Groovy Ahma 2 is a very bold, normal width, low contrast, upright, normal x-height font.
Keywords: posters, headlines, album art, packaging, event promos, groovy, playful, retro, friendly, chunky, retro flavor, headline impact, playful branding, poster display, rounded, blobby, soft corners, bouncy, cartoonish.
A heavy, rounded display face built from thick, blobby strokes with smoothly swollen terminals and frequent inward notches that create a soft, molded silhouette. Curves dominate, counters tend to be small and rounded, and joins are plush rather than crisp, giving letters a slightly wavy rhythm across a line. The uppercase reads compact and sturdy, while the lowercase introduces more personality through tall ascenders, bulbous bowls, and a single-storey ‘a’. Numerals match the same inflated, cut-in detailing, maintaining a consistent, cohesive texture at display sizes.

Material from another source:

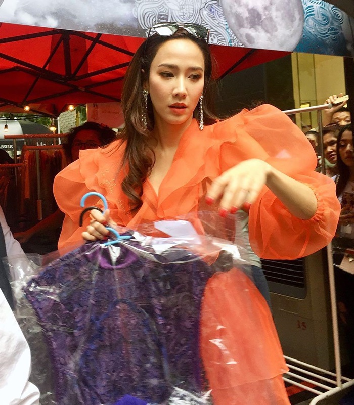 มิถุนายน 2561) เจ้าตัวขนเสื้อผ้าแบรนด์เนมมาขายมือสองที่งาน Absolutely

Best suited to short, high-impact text such as posters, festival or event titles, album and playlist artwork, packaging callouts, and playful branding. It performs especially well at large sizes where the rounded notches and inflated contours remain clear and contribute to a strong, retro display texture.
The overall tone is upbeat and nostalgic, evoking a laid-back 60s–70s poster sensibility with a warm, cartoon-friendly charm. Its soft, overstuffed shapes feel inviting and humorous rather than formal, producing a lively, bouncy voice in headlines.
The font appears intended as a statement display style that prioritizes personality and period flavor over neutrality. By combining thick, rounded forms with wavy swelling and carved details, it aims to deliver a distinctive, fun headline voice with a recognizable retro groove.
Spacing appears intentionally generous in the samples, helping the dense letterforms breathe; in tighter settings the chunky silhouettes and small counters could merge visually. The design’s defining character comes from its rounded swelling and subtle carved-in notches, which add motion and whimsy without introducing sharp contrast.